The painter was plunged into great grief in August 1530, at the death of his wife, whose health had been further weakened by the birth of Lavinia. At that time, along with his family, Titian moved house and brought his sister Orsa from his hometown to Venice, to take care of her home. The house, difficult to recognize today, would be located near the Arsenal Grande, then a fashionable suburb at the end of the city overlooking the island of Murano.
Consolidation (1530-1550)
During this period (1530-1550), as might be supposed in view of the Martyrdom of Saint Peter in Verona, Titian devoted himself to cultivating an increasingly dramatic style. At this time, he painted The Battle of Cadore, a historical scene, the most characteristic of the lost or mutilated tianesque works. The artist strove to masterfully capture the movement of the riot, in its most violent representation of heroism. It rivals the canvas with other warlike paintings such as The Battle of Anghiari by Leonardo da Vinci or The Battle of Puente Milvio by Giulio Romano. The Battle of Cadore was destroyed in the 1577 fire at the Doge's Palace, along with most of the ancient paintings that decorated it. There is only a bad and incomplete copy in the Uffizi Gallery and a mediocre engraving by Giulio Fontana. Similarly, the Alocution del Marqués del Vasto (Museo del Prado, 1541) was also partially affected by the fire in the Madrid Alcázar in 1734.

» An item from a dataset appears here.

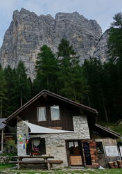 Südwestlich vom Passo Cibiana befindet sich in einer Stichstraße die Unterkunft 01 Baita Deona (1.530 m). Von dort überqueren wir in südlicher Richtung den dazugehörigen Parkplatz und gehen auf der darauffolgenden Forststraße bis zur nächsten Weggabelung. Hier orientieren wir uns nach halb links – Wanderweg 483 – und folgen zunächst der Ausschilderung Richtung Bivacco Campestrin. Wir ignorieren den nachfolgenden halb links abzweigenden Pfad zur Malga Copada Alta und gehen geradeaus weiter.

The most representative religious painting from this period is the Presentation of Mary in the Temple (Accademia Gallery, 1534-39), one of his most popular canvases or the Ecce Homo (Kunsthistorisches Museum of Vienna, 1541), of singular pathos and proto-baroque realism. The School of Bologna and Rubens borrowed, on many occasions, from the spirit of this work, the masterful staging. The remarkable moving effect of the horses, soldiers, priests, and general crowd at the foot of the stairs, all lit by torches, and with the billowing of streamers in the sky, has often been used in later times.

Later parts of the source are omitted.